Mobilitare la base della Lega per allargare la breccia
Riportiamo estratti dal rapporto di un nostro compagno che è intervenuto a un’iniziativa della Lega a Omegna in cui si discuteva del referendum per l‘annessione alla Lombardia della provincia del VCO che si è svolto il 21 ottobre scorso.
“La platea era composta da circa 100 persone. Sono intervenuto davanti al pubblico presentandomi come allevatore, venuto dalle valli proprio per capire cosa fare al Referendum e dicendo che non capivo la natura stessa del Referendum perché i problemi reali mi sembrano altri. Ho elencato alcuni effetti della crisi in Lombardia e Piemonte tra cui la chiusura per la crisi di decine di aziende agricole, la chiusura delle fabbriche (ho riportato esempi locali) e ho affermato che il problema vero è la crisi generale, chiedendo spiegazioni su come il governo stia intervenendo per trovare soluzioni. Ho quindi fatto appello proprio ai leghisti presenti, dicendo che la Lega è al governo e che quindi ha il potere per portare fino in fondo la rottura dei trattati internazionali che limitano le autonomie locali, le politiche per un lavoro utile e dignitoso per tutti e ho concluso che avrebbe dovuto incoraggiare la partecipazione popolare per farlo.
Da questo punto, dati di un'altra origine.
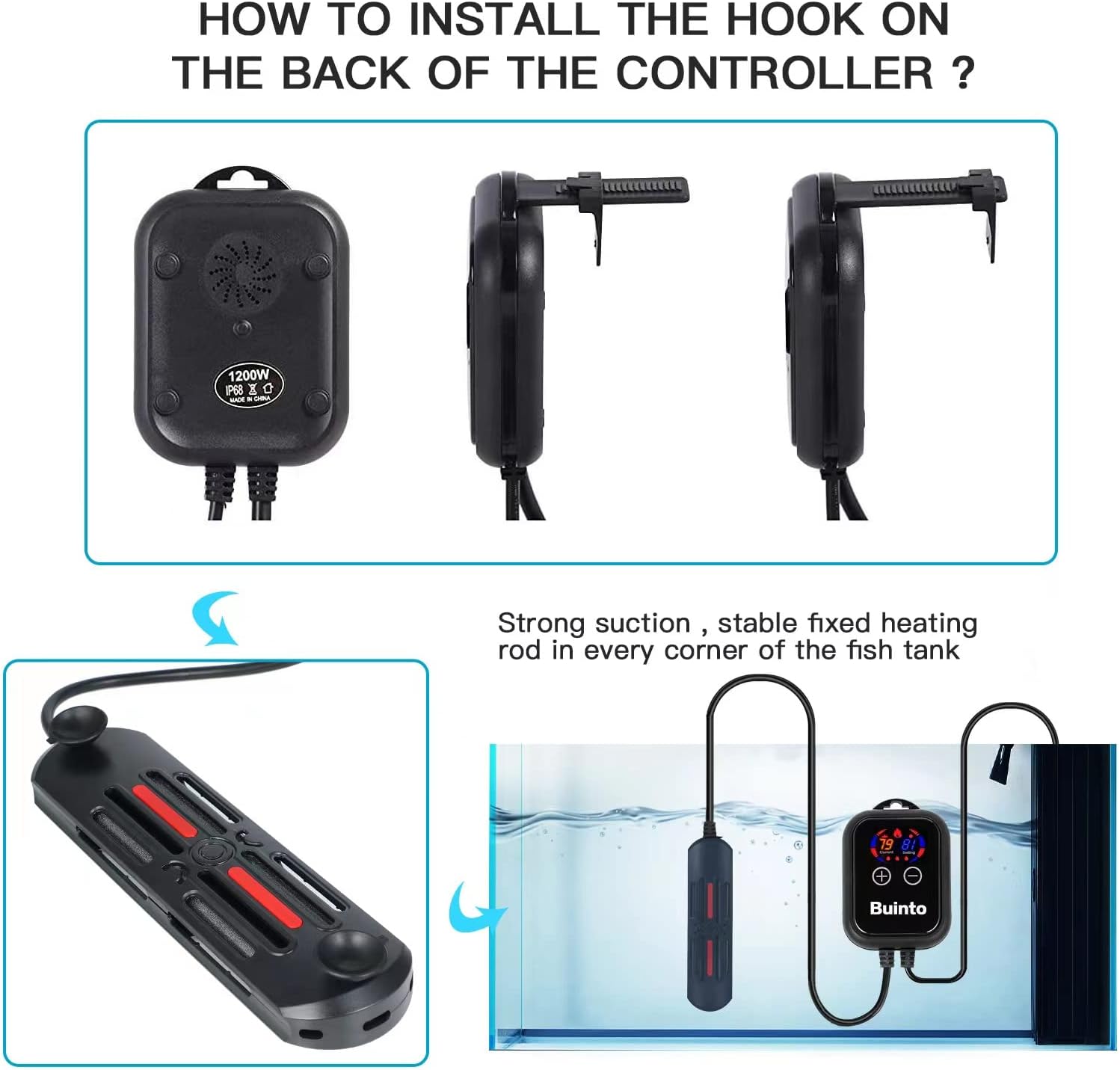 Welcome to Buinto. Buinto is a shop specializing in the sale of aquarium heaters. We are committed to providing customers with quality products and better service. We provide 24-hour customer service, covering pre-sale and after-sale service. If you have any questions, please feel free to contact us. Product Name: Buinto Aquarium Submersible Heater Specifications: 1200W [VOLTAGE]: 110V / 60Hz [Product Size]1200w:12.4in*3.1in [Power cord length]: 4ft+6ft 【PACKING LIST】: 1 × heater with external controller; 1 × user manual; 4 suction cups Why choose a Buinto aquarium heater? 1. Safe to use. The digital aquarium heater will automatically turn off when the water temperature exceeds 93℉. 2. The heating element is high-quality explosion-proof double quartz tube, high temperature resistant and environmentally friendly PC plastic protective cover, suitable for fresh water and salt water. 3. Compared with traditional aquarium heaters, the built-in PID smart chip can save energy up to 30%. 4. The high-definition LED digital display on the controller shows the set temperature and real-time temperature. Easily set the temperature by touching the + and - buttons on the controller. Control temperature range 59°F to 93°F. Temperature Accuracy: ±1°F (The controller is not waterproof. Can't touch water) [WARM TIPS] When using the heater, in order to make the temperature of the fish tank uniform, be sure to use it with the circulating water pump. It is better to install the heater in a place with rapid water flow. [QUALITY GUARANTEE] This product has a one-year warranty. In the process of using the product, if you have any dissatisfaction, please contact our after-sales service to solve it for you.I wish you a happy shopping.

La reazione al mio intervento è stata evidente, un compagno del PCI presente fra i relatori della serata ha ripreso il mio intervento sulla questione del lavoro, mentre Zanetta (un esponente della Lega favorevole al referendum) è sbiancato e ha cominciato a farfugliare che lui era stato della DC e che era sempre stato dalla parte dei lavoratori, facendo l’elenco di alcune lotte degli anni ‘70 a cui aveva partecipato a Verbania. Il segretario provinciale della Lega ha detto che lui era orgogliosamente populista e che era d’accordo con il rompere con i trattati.
A fine dibattito sono stato circondato da 5 leghisti e dal segretario provinciale che mi ha detto che avevo ragione, che bisognava che il popolo controllasse gli eletti della Lega perché “quando vanno a Roma cambiano”, ma che non era facile cambiare i trattati. Io l’ho incalzato sulla mobilitazione popolare: “se non sono storie le cose che dite e le promesse che fate dovete mobilitare i lavoratori”.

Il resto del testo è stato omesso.